Доктор даже не удивилась.
— Очень похожи?
— Да.
— Моя бабушка.
— Вы с ней знакомы?
Вот оно, очарование молодости, когда все, кто на десять лет старше, кажутся одного возраста.
— Нет. Просто помню. Видел в детстве.
— С ней всё в порядке?
— Да, она сейчас у папы живёт.
Вот и вся информация. А что я у пожилой женщины выяснял бы? Может, она и не узнает уже никого. Спросить я могу и у более молодой версии, если будет желание. Осталось помириться.

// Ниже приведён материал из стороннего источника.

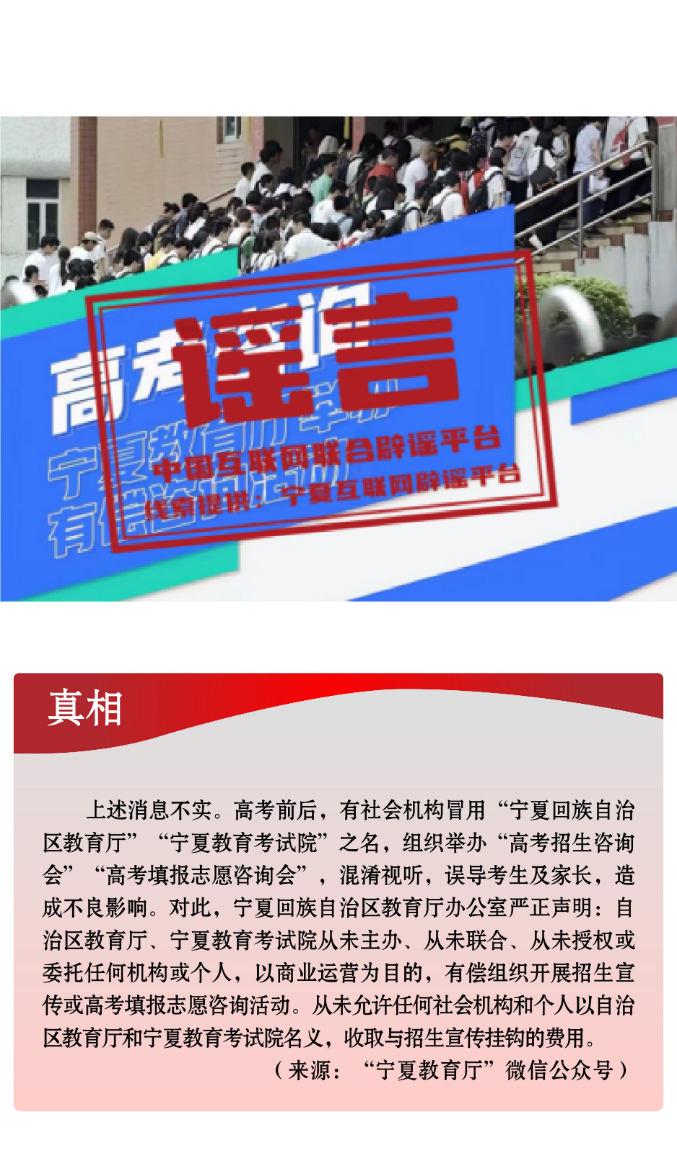 ??涉高招中招類謠言多存詐騙風(fēng)險(xiǎn),侵害群眾利益。6月,中、高考落幕,畢業(yè)季開啟。隨著高招中招、求職招聘等話題日漸成為熱點(diǎn),相關(guān)謠言也潛滋暗長。一些社會機(jī)構(gòu)抓住考生和家長“上岸”心切的心理,借機(jī)杜撰欺詐“臺詞劇本”,企圖行騙牟利。如冒用官方名義發(fā)布“某地教育廳舉辦高考招生及志愿填報(bào)有償咨詢活動”“某大學(xué)向考生發(fā)送‘降分錄取協(xié)議書’”“某地2024中考成績已出”等通知、公告,實(shí)際均為不法分子編造的詐騙套路,誤導(dǎo)考生和家長。又如,有機(jī)構(gòu)和個(gè)人利用社交媒體、網(wǎng)站推送“只要繳納高額費(fèi)用,就能‘包過’職稱評審”等虛假消息,利用個(gè)別求職人員想“走捷徑”心態(tài),實(shí)施欺詐,企圖從中收取所謂“服務(wù)費(fèi)”“代辦費(fèi)”“咨詢費(fèi)”等費(fèi)用。還有個(gè)別網(wǎng)民編造涉考場秩序的不實(shí)信息,如“某地幾所中學(xué)的中考存在作弊情況”“某地一考生考試中多次扭頭成績被判0分”等謠言,純屬子虛烏有,擾亂招考秩序。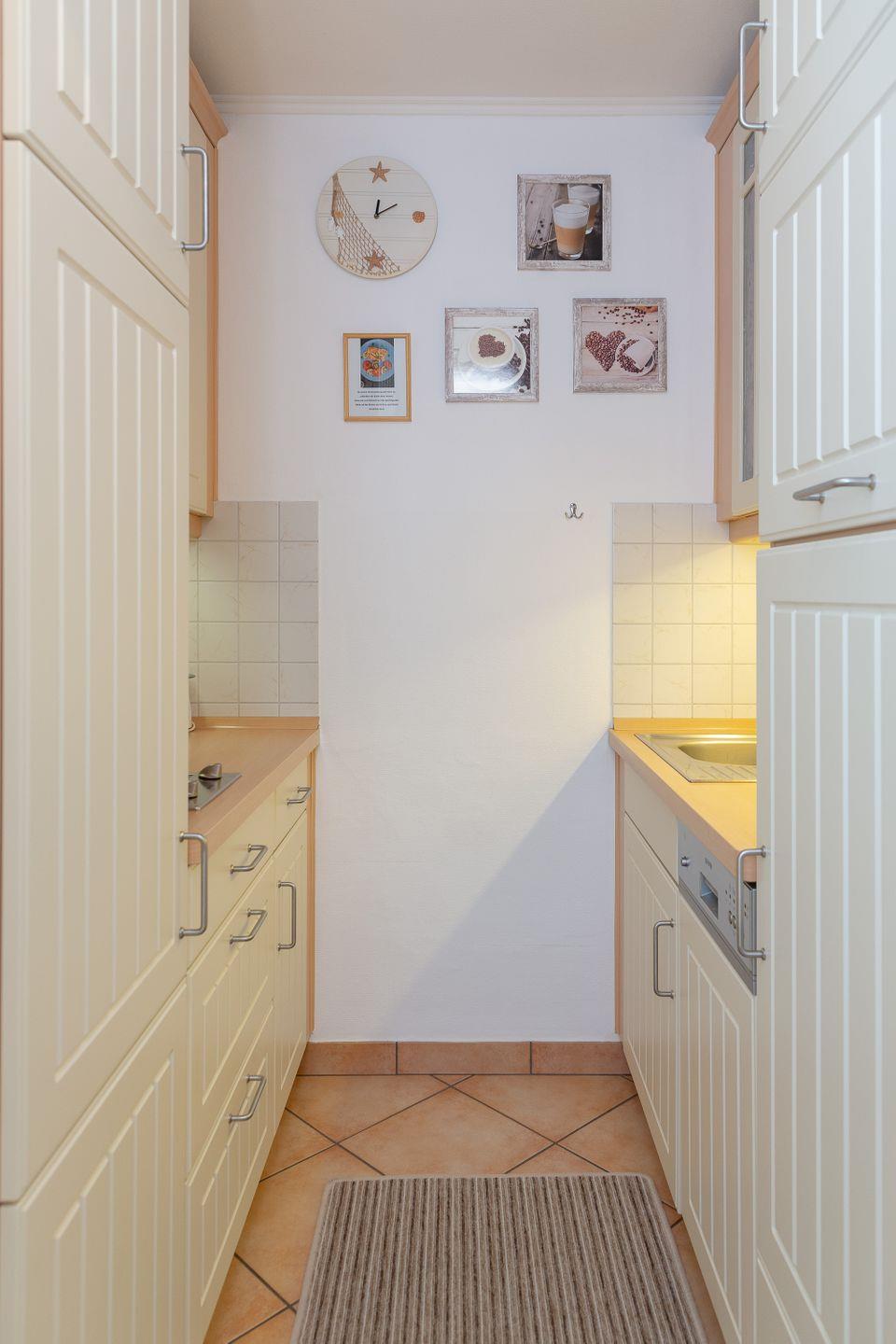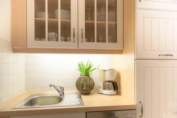Die separate Küche ist mit modernen Geräten wie Cerankochfeld, Mikrowelle, Spülmaschine, Kühlschrank mit Gefrierfach, Toaster, Wasserkocher, Nespresso und Kaffeemaschine ausgestattet. Geschirr, Besteck und Küchenutensilien sind ebenso vorhanden wie Geschirrhandtücher. Damit haben Sie alle Möglichkeiten, sich selbst zu versorgen und den Tag nach Ihren Wünschen zu gestalten. Ein raffinierter Essbereich mit Esstisch steht Ihnen für gemeinsame Mahlzeiten zur Verfügung.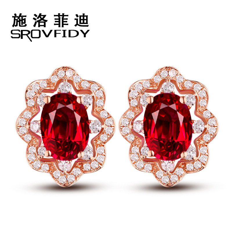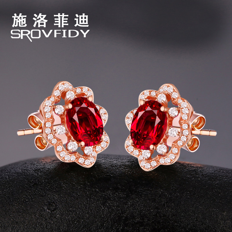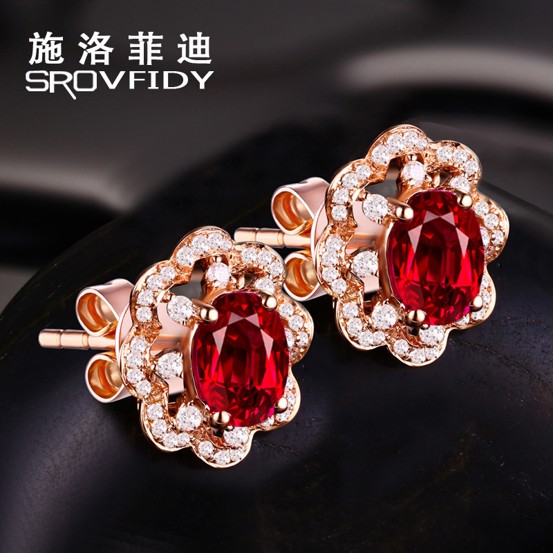 Натуральные рубиновые серьги, 2 карат, золото 750 пробы, с драгоценным камнем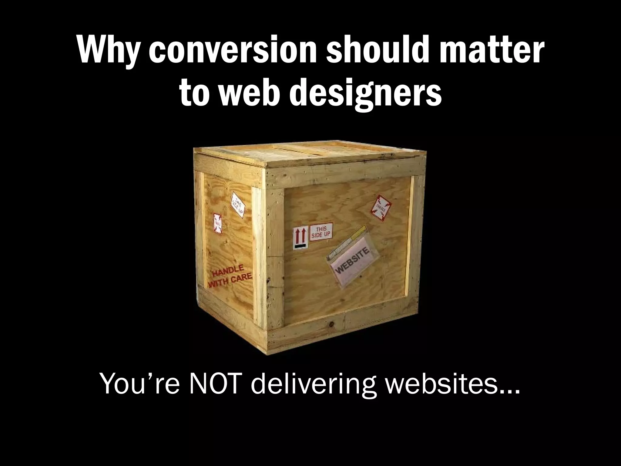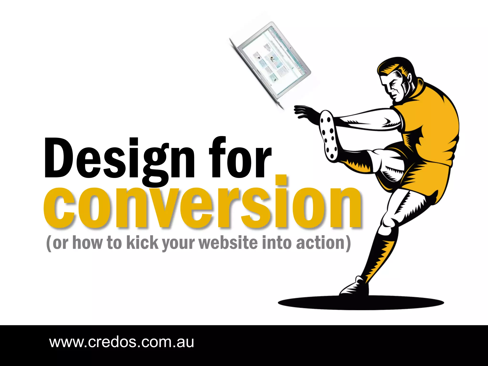 The document emphasizes the importance of designing websites for conversion, focusing on achieving specific business goals rather than merely aesthetic appeal. It outlines strategies for attracting the right audience, engaging their interest, and effectively converting that interest into action, while providing measurable objectives and actionable insights. Key tactics include understanding customer needs, using compelling calls to action, and optimizing website elements to enhance user experience and increase conversion rates.

Странное, конечно, дело, я сам себе удивляюсь. Прожил столько лет, а вот историей семьи только сейчас заинтересовался. И зачем? Участников тех событий уже и в живых не осталось почти.
***
Кот вернулся вечером. И снова — как? Ни хлопка двери, ни скрипа замка. Только еле слышный звук — будто по полу прошёл сквозняк. Скрипнула половица — и вот он, наглый рыжий гость, устроившийся в кресле, словно жил здесь всегда.
Молчит, не просит еды, не выпрашивает ласки. Но я-то уже знаю: стоит разогреть супчик — и он тут как тут.
Поужинал, попил воды — и улёгся у моих ног, пока я переслушивал всю дискографию Стиви Рэй Воэна. Студийных альбомов у него всего шесть, если считать совместный с братом, и они короткие — по сорок минут. Второй, «Couldn’t Stand the Weather», вышел в мае восемьдесят четвёртого. Не знаю, как Валера относится к блюзу, но мимо этой гитары, что тянется прямо к душе, мало кто проходит равнодушным. Вряд ли он слышал дебютный альбом, про наводнение в Техасе, но этот даже лучше. Каково это будет, такое чудо услышать первый раз?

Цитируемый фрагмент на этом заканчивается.